第58話 湖の母、ノウマ




 テーブルマウンテンの上は、まるでやすりをかけたように間っ平らな上に、大理石のようにつるつるだった。空をこれだけ青く美しく反射できるのは、そのためだろう。


「すごいね。まるで空の上に立ってるみたい」

 マナはあたりを見渡した。テーブルマウンテンの地平線が続き、自分達の他には何も見えない。ザハもマナの隣で辺りを見ていた。
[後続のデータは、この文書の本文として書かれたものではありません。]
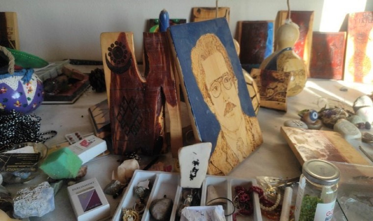 Yozgat’ın Çekerek ilçesine bağlı Kamışçık köyünde yaşayan muhtar Rıza Taşkın, muhtarlık işlerinden arta kalan zamanının bir kısmını evine kurduğu atölyesinde taş, odun ve su kabağı işleyerek geçiriyor. Doğan topladığı malzemeleri işleyerek üzerine yakma ve oyma sanatıyla resim ve çeşitli figürler çizen Taşkın, gece lambası, abajur, vazo, kolye, tamga gibi dekoratif objeler haline getiriyor. Taşkın sabırla hazırladığı eserleri, ilgililerin beğenisine sunuyor.

「いないな。確かマンモスは湖とここを往復しているんだったね」

「はい。海底で水草や藻を食べて、ここに戻ってくるそうです」

「しかし、どうやってだい? この山の反り返った側面など、マンモスは登れないだろう?」

「そうですよね……うーん」



「ひゃっほーう!」

 考える二人の横をジョイスがスライディングしながら通り過ぎた。地面はつるつるしているため、よく滑る。

「うわっ、すげぇな。俺も!」

 パンクも同じように滑り始めた。パンクの次にパンサーから降りたリズは、呆れたように「あーあ」と笑いながらこぼした。

「びしょ濡れになるだろうに。よく平気だね」


 三人がジョイスとパンクを見ていると、二人はボシャン、と音を立てて、突然消えた。

「えっ、何?!」

「きっと深くなってるんだ。行こう。足元あしもと気を付けな」

 リズが先頭を切って、追いついたジョウも含めて四人で、ジョイスとパンクの消えた場所へと向かう。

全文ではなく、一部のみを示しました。